Chinese Steel Themselves For Ore Price Talks

The Age

Thursday December 6, 2007

John Garnaut, Asia economics correspondent, Beijing

GLOBAL commodity markets have become so dependent on Chinese domestic demand that a US recession "would hardly even register", says Rio Tinto.

After months of internal analysis and external modelling, the world's third-biggest miner believes the commodities price boom could only be derailed by an economic accident in China.

The findings suggest Australia's resources-reliant economy will be virtually bullet-proof over the coming year.

"China has an overwhelmingly important impact on commodities markets," said Rio's chief economist, Vivek Tulpule, in an interview from London. "And the only way we can get a big Chinese slowdown is if it is generated by a big event in China itself."

Rio's new analysis shows China has accounted for between 60% and 90% of global demand growth for iron ore, copper and aluminium this decade.

Rio's outlook, which is shared by BHP Billiton, comes a week after both companies began "preliminary" talks with China's Baosteel for iron ore contract prices. It also comes as BHP stalks Rio with its spurned $US150 billion ($A170 billion) takeover proposal.

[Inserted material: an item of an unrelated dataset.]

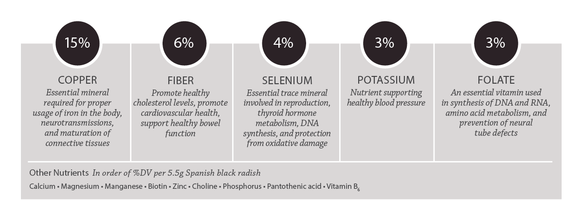 Percentages shown as %DV per serving of 5.5g Spanish black radish.
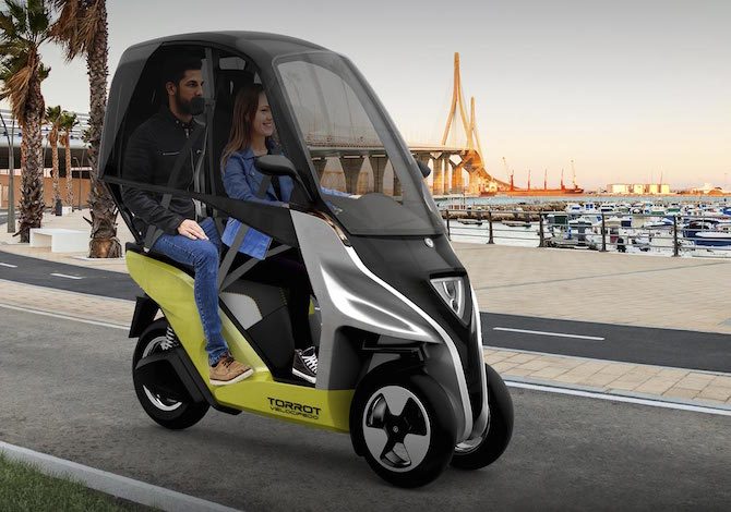 La sicurezza di un’auto, l’agilità di una moto, la pulizia di un mezzo elettrico. Sono i concetti che stanno dietro questo Velocipedo, veicolo a 3 ruote ad alimentazione elettrica prodotto dalla spagnola Torrot e in arrivo sul mercato nel 2018.

Even Chinese traders say they expect iron ore contract prices to rise more than 30%, despite huge rises in each of the past five years.

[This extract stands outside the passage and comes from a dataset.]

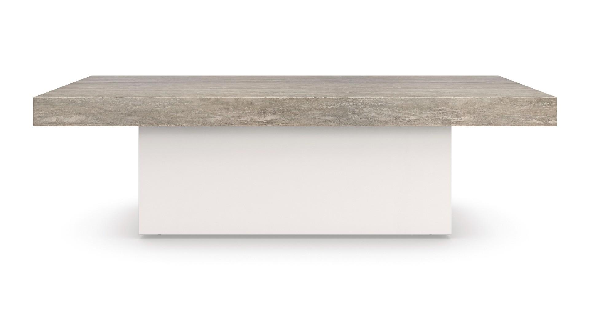 Architectural yet organic, this sleek cocktail table exhibits form and functionality in perfect unison. Its clean-lined modern form is both simple and alluring, with a Silver Travertine stone top and wide pillar base in a subtly textured adobe finish. A design staple, the Unity cocktail table is well-scaled to style on its own, or in pairs to counterbalance a sofa or sectional. Hidden casters make it easy to move. FEATURES: Silver Travertine stone top. Base finished in Textured Adobe. Hidden casters for mobility.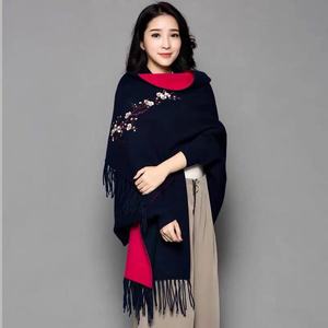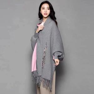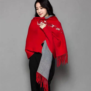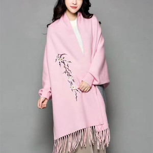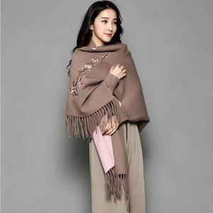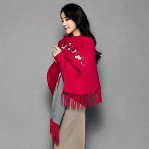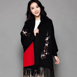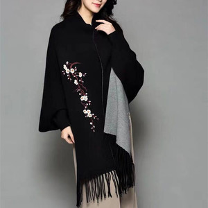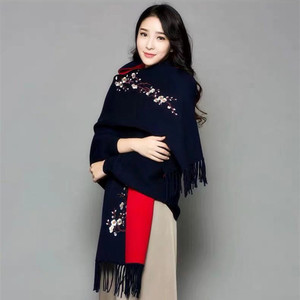 ニットのチャイナドレスの袖付きエアコンのストールのコートの女性の夏の刺繍の梅の花のフリンジスカーフの両用の厚いマント

Anxiety over mining company pricing power has driven Baosteel boss Xu Lejiang to publicly state his company is "very likely" to lead a $US200 billion-plus bid for Rio Tinto to prevent Rio falling into the clutches of BHP. Any such move, though, would need to overcome the Chinese steel industry's notorious fragmentation, which was on display yesterday.

Qi Xiangdong, vice-chairman of the China Iron and Steel Association, told BusinessDay there had been "misunderstandings" between Mr Xu and the 21st Century Business Herald journalist who quoted him. Mr Qi said his association had not held any talks on a bid for Rio Tinto, while he had personally told Baosteel "not to speculate about the issue".

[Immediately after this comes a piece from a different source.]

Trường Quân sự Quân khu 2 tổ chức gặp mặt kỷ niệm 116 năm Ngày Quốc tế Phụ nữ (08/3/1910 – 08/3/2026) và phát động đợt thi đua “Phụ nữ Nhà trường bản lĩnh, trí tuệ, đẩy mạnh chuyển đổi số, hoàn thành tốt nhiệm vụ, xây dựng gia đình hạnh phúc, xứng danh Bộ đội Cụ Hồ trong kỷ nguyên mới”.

Mr Qi is, however, bracing for difficult iron ore negotiations.

"No one can predict whether there will be sudden and sharp rise," he said.

A Shanghai finance commentator put the likelihood of Baosteel buying Rio Tinto at "almost zero". Writing in Beijing News yesterday, he said Baosteel's musings were aimed only at inflating Rio's share price in order to make life difficult for BHP. That view reflects the speculation that rather than counter-bid for Rio, the Chinese need only buy a little more than 1% of the company at a cost of $1.8 billion.

The suggestion goes that once that position was declared under Britain's takeover laws, Rio shares would take off in a speculative frenzy that a full bid was in the offing - putting further distance between the Rio share price and BHP's rejected offer.

BHP's spurned 3-for-1 scrip takeover proposal yesterday valued Rio shares at $128.10, or 12.2% less than Rio's ruling market price of $143.82 a share - the equivalent of 3.36 BHP shares. Earlier this week, broker Austock suggested BHP would have to increase its offer to 3.9-for-1 to get Rio to the negotiating table. BHP shares were down 40? to $42.70 yesterday.

Rio yesterday denied reports in a London newspaper, this time claiming Rio had "softened" its position and was ready to consider a formal Chinese bid.

KEY POINTS

? Slowdown to China demand unlikely in the coming year.

? Iron ore contract prices tipped to rise 30%.

? Rio rejects talk of Chinese takeover bid.